Metric computation unit
In our proposed architecture, the K = 8 surviving paths are simultaneously processed by eight parallel MCUs, which are divided into K/2 = 4 groups (G1-G4). Each group includes two MCUs. Each path in G1-G4 is expanded to 6, 4, 3, and 2 branches, respectively, in order to reduce the complexity. The MCU's structure in G1 is shown in Fig. 3 , which expands a surviving path to six branches. In Fig. 3 , a group of multipliers M1 and an adder are used to compute u. Another six fixed multipliers M2 and six comparers are used to predetermine the ascending order of the candidates of s i . Another group of multipliers M3, which are followed by six subtracters and six square absolute value calculators, are used to compute the local distances of the expanded branches. Finally, six adders are used to update the accumulated PEDs. The MCUs export the expanded branches and their corresponding accumulated PEDs to the sorter.
Sorter
The proposed distributed sorter is illustrated in Fig. 4 , which can be divided into three stages. Each stage includes a group of register lists and some comparers. The sorter works in pipelines. Stage I sorts out 6, 4, 3, 2 candidates from G1 to G4 (12 to 6, 8 to 4, 6 to 3, 4 to 2). Based on the outputs of stage I, stage II sorts out eight (10 to 8) and three (5 to 3) shorter paths. Finally, stage III sorts out the new K = 8 surviving paths from all the eleven candidates yielded by stage II (11 to 8). For each comparison operation, the candidate with shorter accumulated PEDs is chosen as the output and replaced by its nearest sibling, while the longer one stays for the next comparison.
Complexity analysis and simulation
In the K-best scheme, the addition, the multiplication, and the comparison play critical roles in the computational complexity. Table 2 shows the comparison of the fundamental operations between the conventional K-best scheme and the proposed architecture. According to Table 2 , the proposed architecture can approximately reduce the fundamental opera-075004-3 tions by 50% and 75% for the 16-QAM and the 64-QAM, respectively, consequently significantly saving hardware resources. So, the proposed architecture is especially suitable for high-throughput MIMO-OFDM systems. The performance of the proposed K-best VLSI architecture is simulated using a computer and the Rayleigh fading channel model. The simulation results for both 16-QAM (K= 4) and 64-QAM (K= 8) schemes are presented in Fig. 5 , from which we can see that the bit error rate (BER) performance of the proposed architecture is very close to that of the conventional K-best scheme.
Conclusions
In this paper, a novel K-best VLSI architecture for the high-throughput MIMO-OFDM detector is presented. The proposed MCU predetermines the ascending order of each surviving path's branches by their local distances and expands the surviving paths only to partial branches.
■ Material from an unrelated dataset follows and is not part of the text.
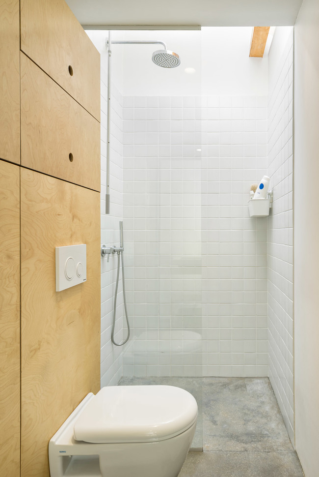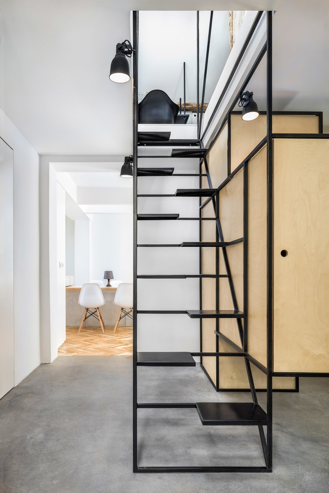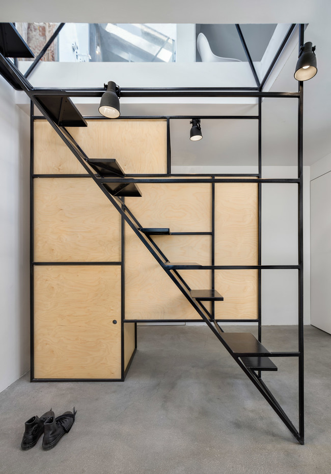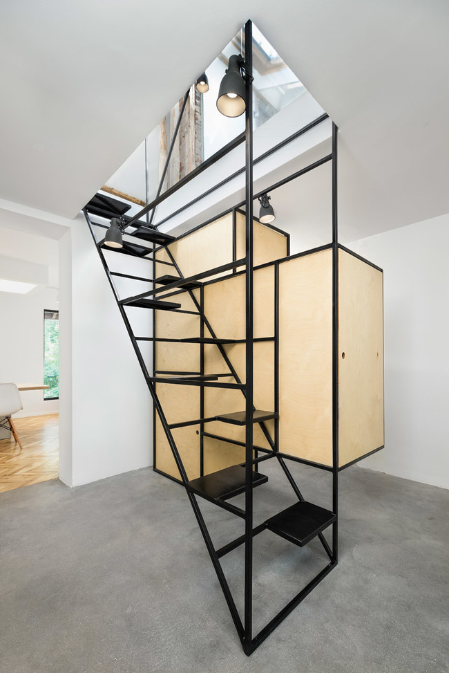 За да не бъде голо пространството, около този преход към горното ниво, създателите са запълнили площта с модули от шпертплатови плоскости, които функционират като шкафове, а малки дупки по периферията им позволяват лесното им отваряне. 20-милиметровите кухи стоманени греди се явяват отличен материал за изработката на предизвикателното стълбище с продължение.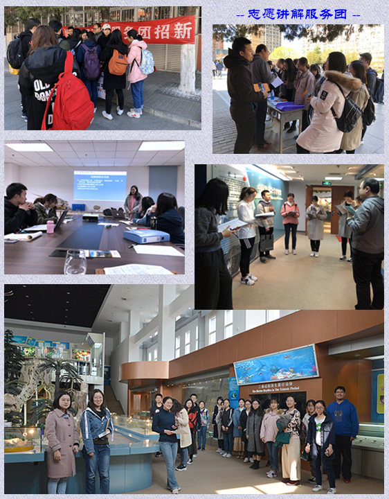 2019年3月,博物馆第一次通过面向全校学生公开招聘、面试选拔,成立志愿讲解服务团。志愿讲解服务团现共有志愿讲解服务人员22人,分别来自地球科学与资源学院、土地科学技术学院、珠宝学院、海洋学院、工程技术学院、水资源与环境学院、能源学院、信息工程学院、材料科学与工程学院和经济管理学院。志愿讲解服务团的工作任务除讲解接待外,还包括团体参观时团队秩序维护、科普宣传、活动策划等工作。

Then the distributed sorter sorts out the new surviving paths in pipelines. Complexity analysis and simulation results prove that the proposed architecture can significantly reduce the computational complexity while maintaining the similar performance of the conventional K-best scheme, yielding an efficient solution to the VLSI implementation of high-throughput MIMO-OFDM systems.